---------- Listed records

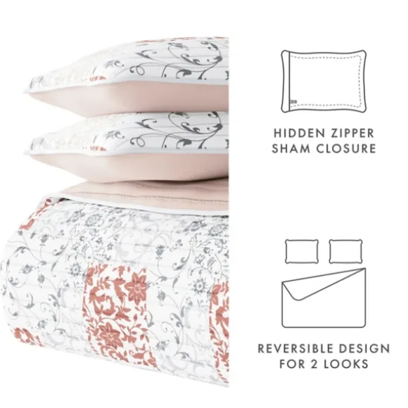 Sleep Better By Adding Style And Comfort To Your Bed! Our Blush Patchwork Reversible 3-Pc. King Quilt Set Is Made From Double-Brushed Microfiber, Making It Perfect For Any Bedroom. Set Includes One (1) Quilt, And Two (2) Pillow Shamsquilt Measures 96L X 106W In.Each Sham Measures 36L X 20W In.Crafted Of 100% Double-Brushed, Imported Microfiberfeatures A Reversible Designside One Features A Scrolled Patchwork Designside Two Features A Solid Designhues Of Pink, White, Red, And Gray95 Gsmshams Include Hidden Zipper Closuresfade And Wrinkle Resistantcare: Machine Wash In Cold Water. Do Not Use Bleach Or Fabric Softener. Tumble Dry On Low Heat Setting.This Item Is Available At Kirklands.Com Only, Not Available In Stores. Please Note: This Item Cannot Be Shipped To Apo/Fpo Addresses.
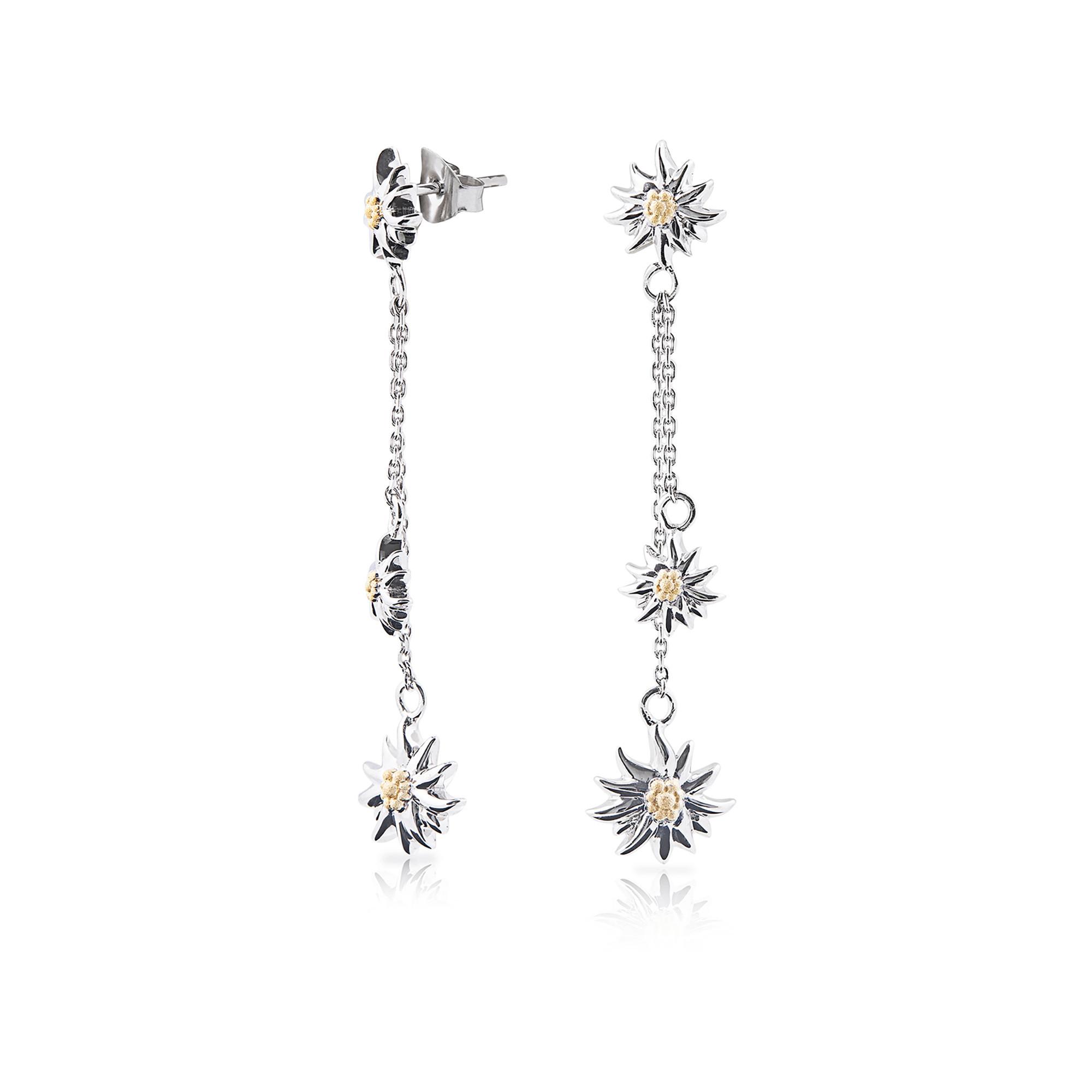 Boucles d'oreilles en argent sterling avec pendentif en edelweiss en bicolore et une cha�ne en satin. L'edelweiss, un symbole de la Suisse et des Alpes, est v�n�r� dans le monde entier pour ses pouvoirs magiques suppos�s.
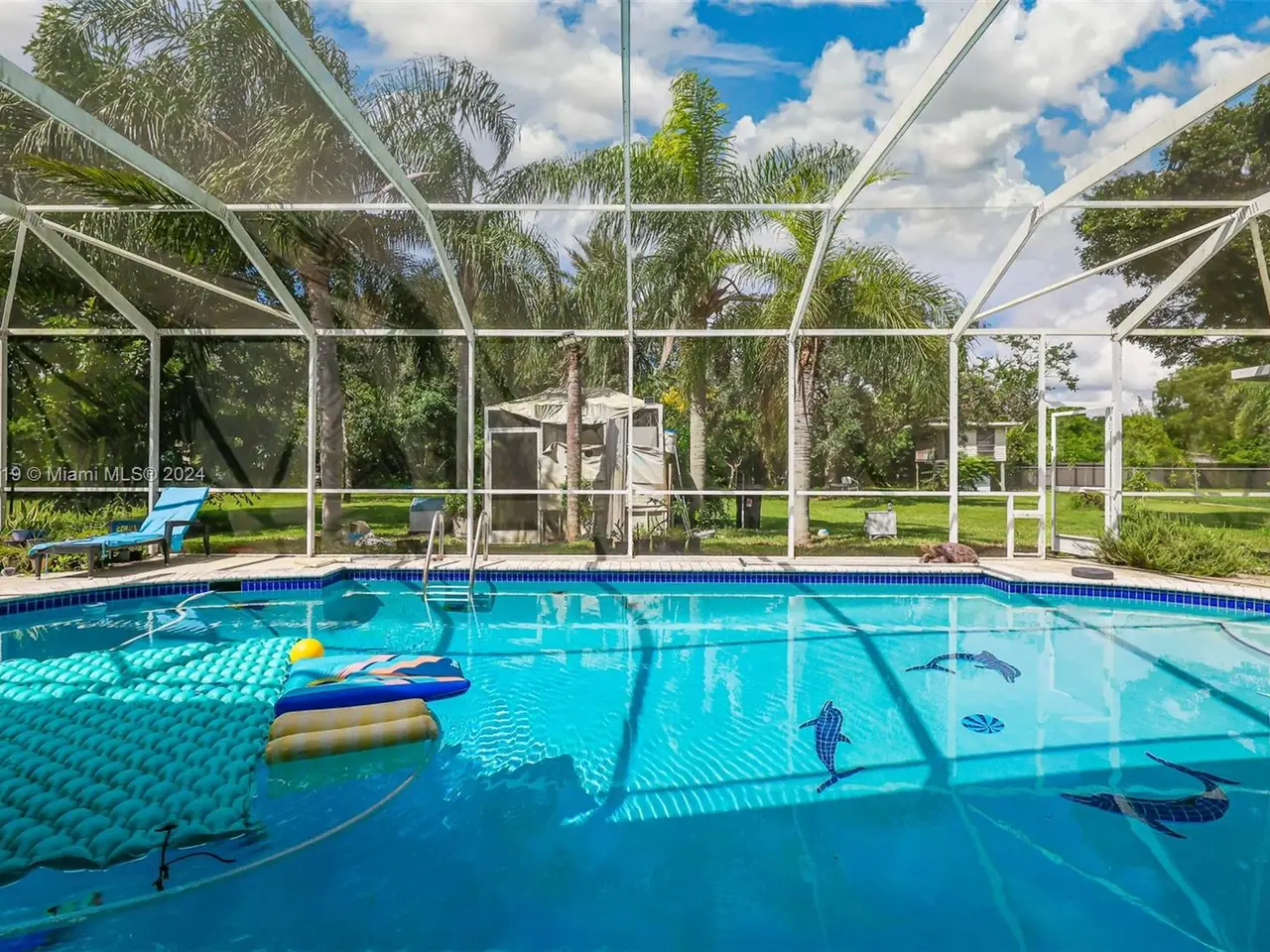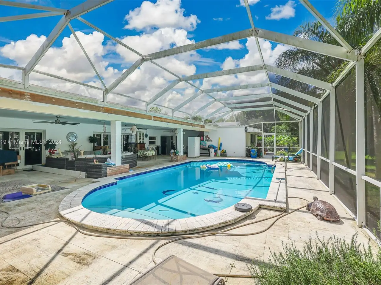With four bedrooms, three bathrooms, and maid's quarters on over 1.2 acres, this estate home offers something for everyone. Enjoy barbecuing around the Chicago Brick BBQ Grill, and relax by the pool in the large screened patio. There's plenty of space for gatherings indoors with a large living room and formal dining room. Supermarkets, stores, and dining are conveniently located within a mile. There is ample space for watercraft and recreational vehicles. Parks and marinas are located within 11 miles. For those who love gardening, there is plenty of room to plant fruit trees. Two double-car garages are perfect for storing your prized vehicles. For sports lovers, the Sports Complex is only 0.5 miles away. Thoughtfully upgraded with recently installed wrap-around impact glass, roof, air conditioning and more!
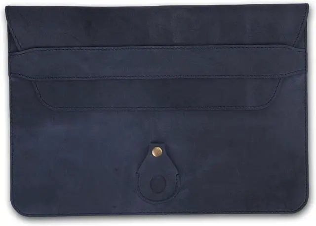 Thoughtfully designed with a built-in pen loop and tag holder, this leather Mac and laptop cover helps keep small essentials organized. The natural blue finish develops a beautiful patina over time, reflecting authentic craftsmanship and individuality. Lightweight yet durable, this leather laptop envelope case provides stylish protection wherever you go. Whether for the office, coffee shop, or commute, its the ideal universal laptop sleeve for anyone who values form and function.
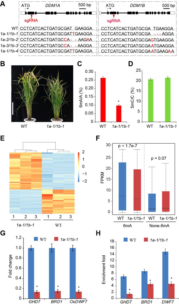 水稻基因組含有兩個(gè)DDM1同源基因DDM1a和DDM1b,由于功能冗余,只有T-DNA插入單突變體產(chǎn)生的雙突變體DDM1a/1b表現(xiàn)出發(fā)育表型。然而,DDM1a/1b不產(chǎn)生活花粉,導(dǎo)致種子呈空殼和深色。用CRISPR-Cas9對Nip背景中的DDM1a和DDM1b進(jìn)行了有針對性的誘變,并鑒定了10個(gè)獨(dú)立的T1系用于DDM1a、DDM1b單突變和4個(gè)獨(dú)立的DDM1a/DDM1b(1a/1b)雙突變型。在任何不同類型的DDM1a或DDM1b純合子單突變體中均未觀察到表型。與野生型植物相比,所有純合1a/1b系表現(xiàn)出相同的矮化表型。1a-1/1b-1顯示出降低的結(jié)實(shí)率,而另外3個(gè)雙突變體顯示不育。LC-MS/MS對DNA甲基化水平的定量測量顯示6mA水平顯著降低,但1a/1b植物中5mC水平變化不大。6mA-IPqPCR分析顯示,6mA水平在大多數(shù)隨機(jī)選擇的位點(diǎn)中顯著降低。RNA-seq結(jié)果表明野生型中6mA修飾基因的表達(dá)水平顯著高于1a-1/1b-1植物中的相同基因,野生型中非6mA基因與1a-1/1b-1植物中的相應(yīng)基因之間沒有表達(dá)水平差異。結(jié)果表明6mA水平與基因表達(dá)呈正相關(guān)。
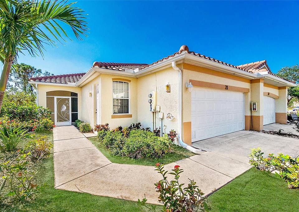 This charming Fully Furnished /Turnkey Villa is located in the heart of the Marina area of Burnt Store Marina, where there’s never a shortage of community activities! Just steps from your door is the inviting Resort Pool & Spa or walk over to the marina basin and enjoy the sunset or watch the Manatees and Porpoises play while you enjoy dinner and a cocktail at Cass Cay waterfront restaurant or grab a sandwich at the Trading Post Ship Store. Unlike other neighborhoods in the Marina, Unique only to "The Resort" is that the Pool & Spa and a really nice Fitness Center is included in their monthly condo fees. Tasteful decorated with Agreeable Gray walls and white trim this Villa's awesome open floor plan boasts volume ceilings & attractive tile floors throughout the main living area and Enclosed Lanai. The bright kitchen features a breakfast bar with a dining area adjacent to kitchen. The newly carpeted split bedrooms allow some privacy for you & your guests. You’re sure to enjoy the very private backyard area from your fully enclosed lanai. The oversized garage will accommodate car plus golf cart or even a small flats boat. The water heater is two years old and the refrigerator and “whisper quiet” Bosch dishwasher is only a year old. The gated community of Burnt Store Marina plays host to the largest marina in SW Florida! Enjoy world class fishing & spectacular boating from this 525 slip full service marina that offers direct deep water access to the Gulf of Mexico along with inside & outside rack storage options. Get out of the cold or stay year round, this place has it all.
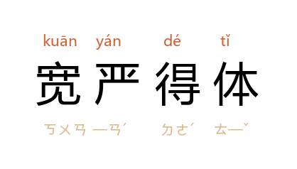 得体:合乎分寸。宽厚和严格掌握得恰如其分。
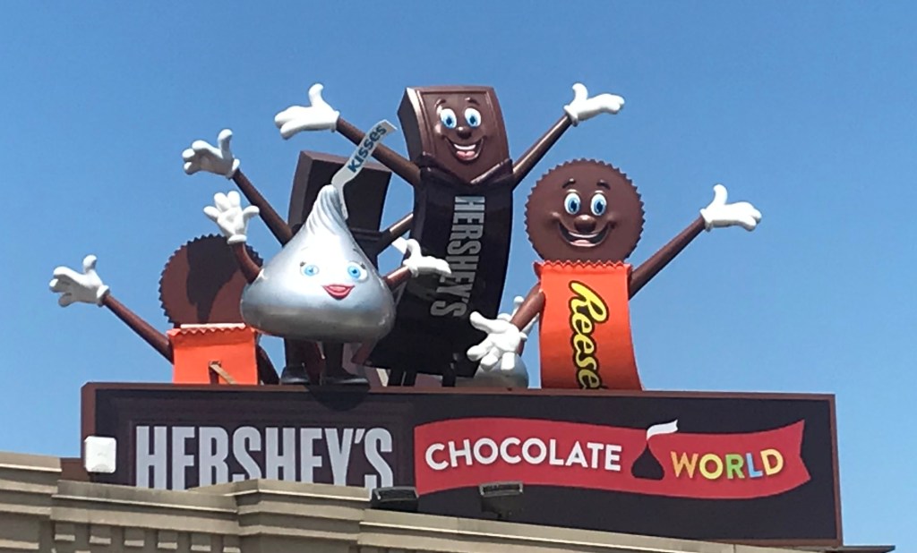 The next morning, we determined that we had done the activities and seen the sites in the greater Boston area that we desired for this trip, so we loaded up the RV once again. Since we still had some time left for our vacation, we decided a trip to Pennsylvania was in order. After a day of travel, we found ourselves visiting Hershey’s Chocolate World in Hershey, Pennsylvania and enjoying a tour explaining how they make their chocolate. We, of course, did not leave until we had purchased A LOT of chocolate!
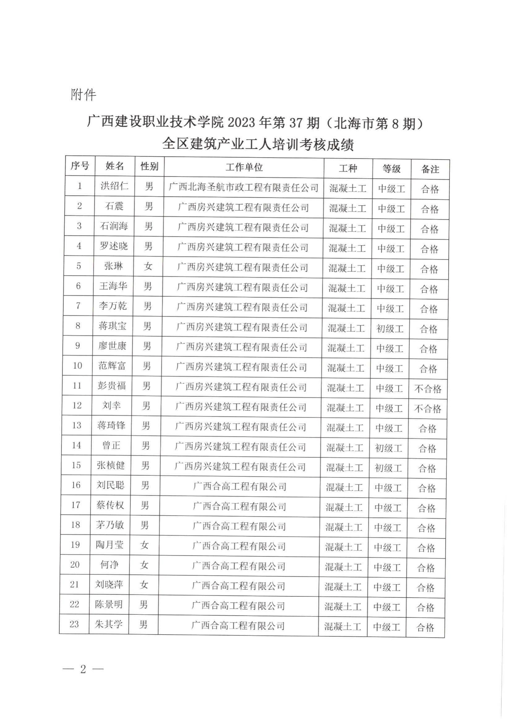 培训信息 当前位置: 首页 >> 培训信息 >> 正文 关于开云线上平台_开云(中国)2023年全区开云线上平台_开云(中国)产业工人第37期(北海市第8期)培训考核成绩的公示 发布日期:2024-01-23 点击: 附件【关于开云线上平台_开云(中国)2023年全区开云线上平台_开云(中国)产业工人第37期(北海市第8期)培训考核成绩的公示.pdf】已下载次
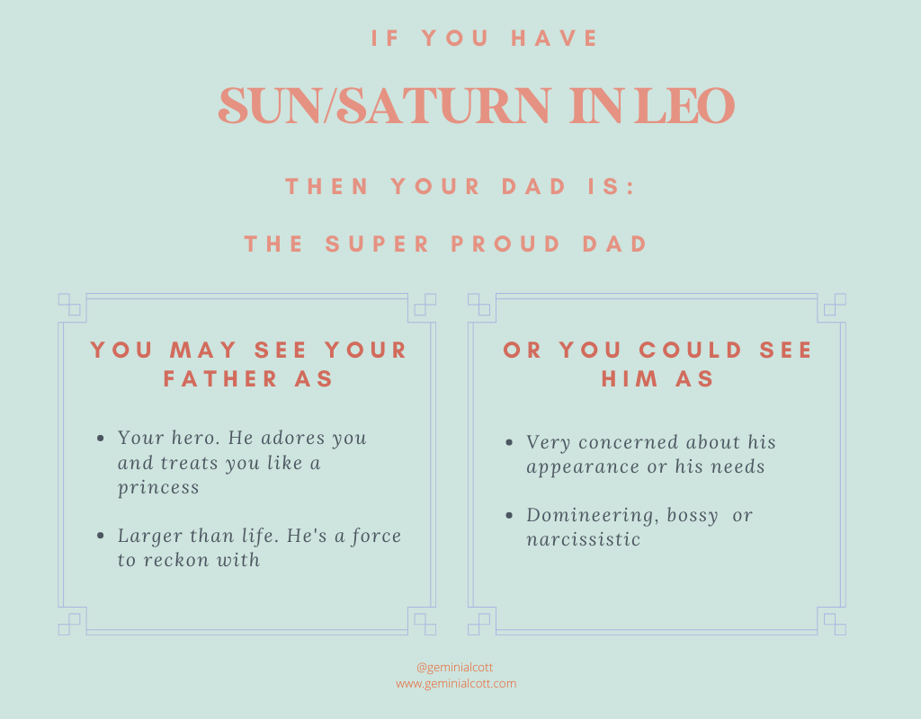 The zodiac sign connected to your Sun or Saturn tells the story of how you view him. It’s not his Sun sign. That’s different. He could be an Aries Sun IRL but you may view him as a Pisces. The zodiac sign connected to your Sun or Saturn explains how you view him, not what his Sun sign is. Sometimes how you view your father may surprise you. It could be hidden under layers of your subconscious, so you’re not aware of it. Grab a shovel.
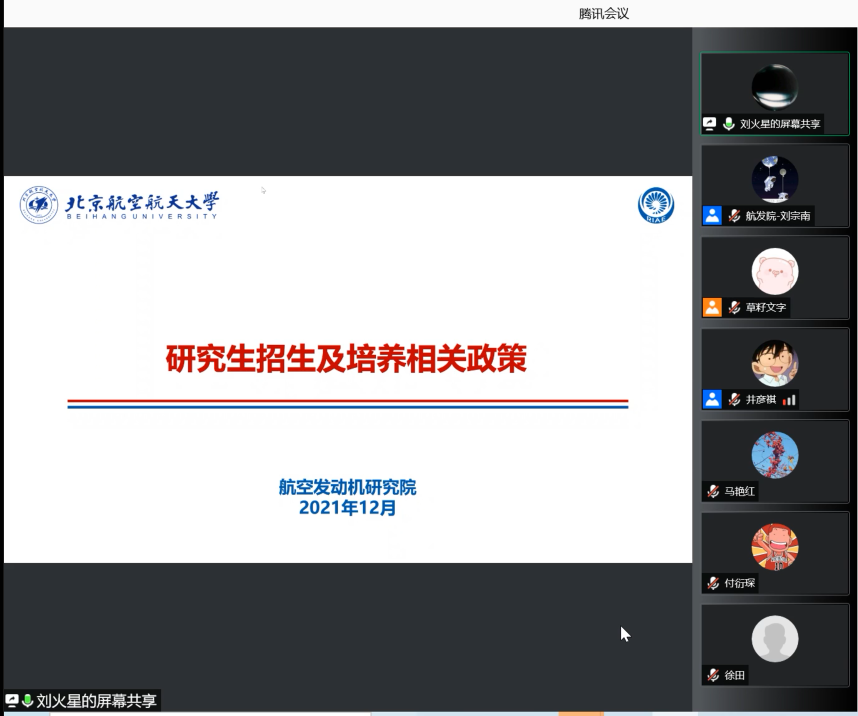 会议第四项,由航发院人才培养副院长刘火星解读研究生招生及培养相关政策。他类比国家、学校的文件,突出讲解新的政策变化及航发院制定的相关文件,并重点从招生环节、过程管理、导师队伍建设、论文质量提升几个部分展开具体解读,强调各位老师要充分学习了解新政策、做好新准备,为北航与航发院的高质量人才培养工作贡献力量。

--------------------

→ Task to complete:
Retype every record above word for word, leaving out any pictures.

→ Solution to the exercise:
 Sleep Better By Adding Style And Comfort To Your Bed! Our Blush Patchwork Reversible 3-Pc. King Quilt Set Is Made From Double-Brushed Microfiber, Making It Perfect For Any Bedroom. Set Includes One (1) Quilt, And Two (2) Pillow Shamsquilt Measures 96L X 106W In.Each Sham Measures 36L X 20W In.Crafted Of 100% Double-Brushed, Imported Microfiberfeatures A Reversible Designside One Features A Scrolled Patchwork Designside Two Features A Solid Designhues Of Pink, White, Red, And Gray95 Gsmshams Include Hidden Zipper Closuresfade And Wrinkle Resistantcare: Machine Wash In Cold Water. Do Not Use Bleach Or Fabric Softener. Tumble Dry On Low Heat Setting.This Item Is Available At Kirklands.Com Only, Not Available In Stores. Please Note: This Item Cannot Be Shipped To Apo/Fpo Addresses.
 Boucles d'oreilles en argent sterling avec pendentif en edelweiss en bicolore et une cha�ne en satin. L'edelweiss, un symbole de la Suisse et des Alpes, est v�n�r� dans le monde entier pour ses pouvoirs magiques suppos�s.
With four bedrooms, three bathrooms, and maid's quarters on over 1.2 acres, this estate home offers something for everyone. Enjoy barbecuing around the Chicago Brick BBQ Grill, and relax by the pool in the large screened patio. There's plenty of space for gatherings indoors with a large living room and formal dining room. Supermarkets, stores, and dining are conveniently located within a mile. There is ample space for watercraft and recreational vehicles. Parks and marinas are located within 11 miles. For those who love gardening, there is plenty of room to plant fruit trees. Two double-car garages are perfect for storing your prized vehicles. For sports lovers, the Sports Complex is only 0.5 miles away. Thoughtfully upgraded with recently installed wrap-around impact glass, roof, air conditioning and more!
 Thoughtfully designed with a built-in pen loop and tag holder, this leather Mac and laptop cover helps keep small essentials organized. The natural blue finish develops a beautiful patina over time, reflecting authentic craftsmanship and individuality. Lightweight yet durable, this leather laptop envelope case provides stylish protection wherever you go. Whether for the office, coffee shop, or commute, its the ideal universal laptop sleeve for anyone who values form and function.
 水稻基因組含有兩個(gè)DDM1同源基因DDM1a和DDM1b,由于功能冗余,只有T-DNA插入單突變體產(chǎn)生的雙突變體DDM1a/1b表現(xiàn)出發(fā)育表型。然而,DDM1a/1b不產(chǎn)生活花粉,導(dǎo)致種子呈空殼和深色。用CRISPR-Cas9對Nip背景中的DDM1a和DDM1b進(jìn)行了有針對性的誘變,并鑒定了10個(gè)獨(dú)立的T1系用于DDM1a、DDM1b單突變和4個(gè)獨(dú)立的DDM1a/DDM1b(1a/1b)雙突變型。在任何不同類型的DDM1a或DDM1b純合子單突變體中均未觀察到表型。與野生型植物相比,所有純合1a/1b系表現(xiàn)出相同的矮化表型。1a-1/1b-1顯示出降低的結(jié)實(shí)率,而另外3個(gè)雙突變體顯示不育。LC-MS/MS對DNA甲基化水平的定量測量顯示6mA水平顯著降低,但1a/1b植物中5mC水平變化不大。6mA-IPqPCR分析顯示,6mA水平在大多數(shù)隨機(jī)選擇的位點(diǎn)中顯著降低。RNA-seq結(jié)果表明野生型中6mA修飾基因的表達(dá)水平顯著高于1a-1/1b-1植物中的相同基因,野生型中非6mA基因與1a-1/1b-1植物中的相應(yīng)基因之間沒有表達(dá)水平差異。結(jié)果表明6mA水平與基因表達(dá)呈正相關(guān)。
 This charming Fully Furnished /Turnkey Villa is located in the heart of the Marina area of Burnt Store Marina, where there’s never a shortage of community activities! Just steps from your door is the inviting Resort Pool & Spa or walk over to the marina basin and enjoy the sunset or watch the Manatees and Porpoises play while you enjoy dinner and a cocktail at Cass Cay waterfront restaurant or grab a sandwich at the Trading Post Ship Store. Unlike other neighborhoods in the Marina, Unique only to "The Resort" is that the Pool & Spa and a really nice Fitness Center is included in their monthly condo fees. Tasteful decorated with Agreeable Gray walls and white trim this Villa's awesome open floor plan boasts volume ceilings & attractive tile floors throughout the main living area and Enclosed Lanai. The bright kitchen features a breakfast bar with a dining area adjacent to kitchen. The newly carpeted split bedrooms allow some privacy for you & your guests. You’re sure to enjoy the very private backyard area from your fully enclosed lanai. The oversized garage will accommodate car plus golf cart or even a small flats boat. The water heater is two years old and the refrigerator and “whisper quiet” Bosch dishwasher is only a year old. The gated community of Burnt Store Marina plays host to the largest marina in SW Florida! Enjoy world class fishing & spectacular boating from this 525 slip full service marina that offers direct deep water access to the Gulf of Mexico along with inside & outside rack storage options. Get out of the cold or stay year round, this place has it all.
 得体:合乎分寸。宽厚和严格掌握得恰如其分。
 The next morning, we determined that we had done the activities and seen the sites in the greater Boston area that we desired for this trip, so we loaded up the RV once again. Since we still had some time left for our vacation, we decided a trip to Pennsylvania was in order. After a day of travel, we found ourselves visiting Hershey’s Chocolate World in Hershey, Pennsylvania and enjoying a tour explaining how they make their chocolate. We, of course, did not leave until we had purchased A LOT of chocolate!
 培训信息 当前位置: 首页 >> 培训信息 >> 正文 关于开云线上平台_开云(中国)2023年全区开云线上平台_开云(中国)产业工人第37期(北海市第8期)培训考核成绩的公示 发布日期:2024-01-23 点击: 附件【关于开云线上平台_开云(中国)2023年全区开云线上平台_开云(中国)产业工人第37期(北海市第8期)培训考核成绩的公示.pdf】已下载次
 The zodiac sign connected to your Sun or Saturn tells the story of how you view him. It’s not his Sun sign. That’s different. He could be an Aries Sun IRL but you may view him as a Pisces. The zodiac sign connected to your Sun or Saturn explains how you view him, not what his Sun sign is. Sometimes how you view your father may surprise you. It could be hidden under layers of your subconscious, so you’re not aware of it. Grab a shovel.
 会议第四项,由航发院人才培养副院长刘火星解读研究生招生及培养相关政策。他类比国家、学校的文件,突出讲解新的政策变化及航发院制定的相关文件,并重点从招生环节、过程管理、导师队伍建设、论文质量提升几个部分展开具体解读,强调各位老师要充分学习了解新政策、做好新准备,为北航与航发院的高质量人才培养工作贡献力量。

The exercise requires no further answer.